A concert promoter in Denver has filed suit against Clear Channel Communications, alleging that the broadcasting giant has unfairly used its dominance in radio broadcasting to monopolize the live-music market.
The Associated Press reports that an antitrust suit has been filed in federal court against the nation’s largest broadcaster, Clear Channel Communications. The lawsuit is the result of Clear Channel’s $4 billion acquisition of SFX, a leading concert promotions company, which has been renamed Clear Channel Entertainment.
The lawsuit, filed earlier this week in Denver by and independent music promotion company called Nobody in Particular Presents (NPP), charges that Clear Channel has engaged in “monopolistic, predatory and anti-competitive business practices.”
The promoter charged that Clear Channel refuses to play artists on its stations unless they also use Clear Channel Entertainment to promote their shows, a tactic that gives Clear Channel an unfair advantage over other promoters. Furthermore, NPP claims that it purchased ad spots promoting the Warped Tour on one of Clear Channel’s local eight Denver area stations, and furnished the station with free tickets to give to fans as part of the promotion. While the spots were scheduled during specific dayparts, NPP alleges that they were instead run late at night and early in the morning.
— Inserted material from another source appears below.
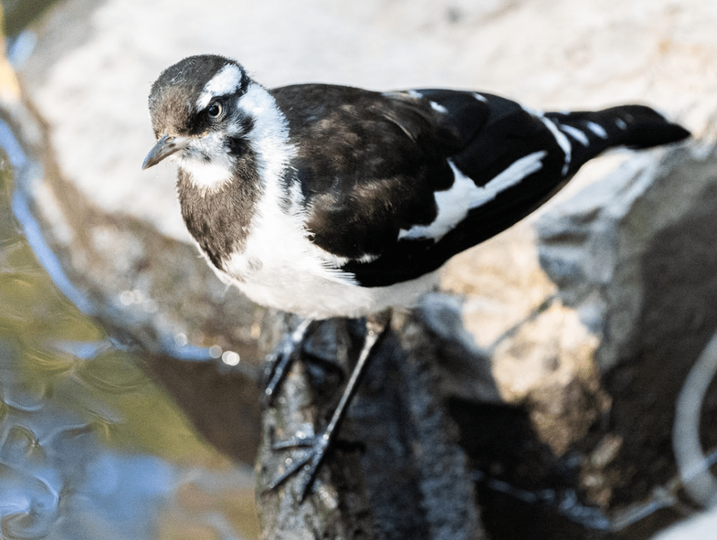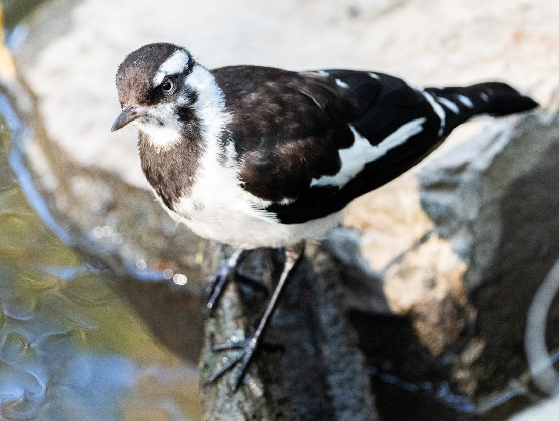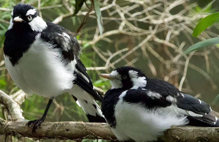 You got it – yes, these are the juveniles shown towards the end of the photo gallery above. Young Mudlarks have a mixture of both sexes’ features. Q: So how do you tell whether they are boys or girls ? A: It’s not easy! It is not a question of parting a few feathers as this author once blithely suggested to the great amusement of our birdos… Birds have a cloaca (shared cavity with single opening to the exterior for passage of products of reproductive, urinary and digestive systems) but generally no external genitalia. There are exceptions – for example, domestic chickens can be sexed by experienced workers reasonably reliably.

Moreover, NPP claims that the tickets intended for on-air giveaways were actually given to Clear Channel employees.
Clear Channel denies the accusations: “Our airplay decisions are made completely independent of concert bookings,” Mike O’Connor, head programmer for Denver’s Clear Channel stations, told the Denver Rocky Mountain News. Further, the company reported last spring, “The synergy between Clear Channel and SFX, especially in Denver, has been nothing but spectacular. Denver is becoming a model for how successful it can be.”